With the latter method of photopolymerization, typically a printing plate is formed by first placing a negative on a supporting glass plate. An optically transparent release film is then placed on top of the negative which is subsequently coated with a layer of photopolymerizable resin. A backing sheet is then placed on top of the photopolymerizable resin, and the backing sheet is then covered by another glass sheet. Irradiation by actinic light, such as UV light, through the top glass/backing sheet combination forms a solid floor layer of photoresin, which adheres to the backing sheet. The thickness of the floor layer is less than the total thickness of the photoresin. Irradiation through the lower glass plate negative release sheet selectively hardens the photoresin to form an image-printing surface which mirrors the image on the negative. The hardened regions adhere to the floor layer, but not to the transparent release sheet. Subsequent processing removes unhardened (liquid) photoresin to reveal a relief image.

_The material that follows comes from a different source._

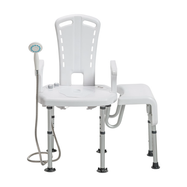 Enhance your Aquachair Bathing System with the bench attachment that makes getting out of the tub easier and safer. The PreserveTech™ Aquachair Transfer Accessory with Curtain Guard allows you to easily slide over the side of the tub without standing. For added protection against slips and falls, its "U" shape cut-out design keeps the shower curtain liner inside the tub to prevent water from spilling during bathing.

When following the teachings of the prior art, the photopolymerizable resin layer can be placed on the glass plate and a capping blade can be drawn across the resin layer so as to level the layer of resin on the glass plate. The result is a relatively constant thickness resin layer formed on the supporting glass plate in the printing plate production assembly. The uniform layer of resin is then exposed to a UV light source through the negative so as to produce cross-linked solid areas in the resin layer which form a printing image or pattern in the resin layer. The non-cross-linked liquid portions of the resin layer are then removed from the plate, and the result is a selectively relieved cross-linked resin-printing pattern on the plate. The photo negatives required for this type of process can be both costly and time-consuming to produce.
U.S. Pat. No. 5,877,848 to Gillette, et al attempts to overcome the above-mentioned problems by disclosing a method of producing liquid transfer articles by extruding a predetermined thickness layer of a photopolymerizable resin, and then moving the extruded resin layer past a variable intensity light source. The intensity of the light source can be controlled by a preprogrammed microprocessor in several ways. One way of providing the variable intensity light source involves the use of a bank of lights which can be selectively turned “on” and “off”, or can be selectively dimmed or brightened, by the use of microprocessor-controlled switches or rheostats. Selective cross-linking of the resin can be performed within the extrusion die, or the resin can be extruded onto a moving transparent support plate, and the variable intensity light source can be positioned above or below the support plate. In either case, the variable intensity light source may be controlled by a preprogrammed microprocessor, as described above.
Alternatively, the intensity of the light source may be controlled by the use of preprogrammed video signals in conjunction with a suitable video image-producing device. Although, the method disclosed by Gillette, et al is an improvement over previous methods, there still remains a need for faster printing plate production by photopolymerization, as the printing plate of Gillette is formed incrementally by serially cross-linking adjacent section of a layer of cross-linkable resin.
Accordingly, there remains a need in this art for a liquid transfer article which can be accurately imaged without a mask or laser, thereby lowering costs.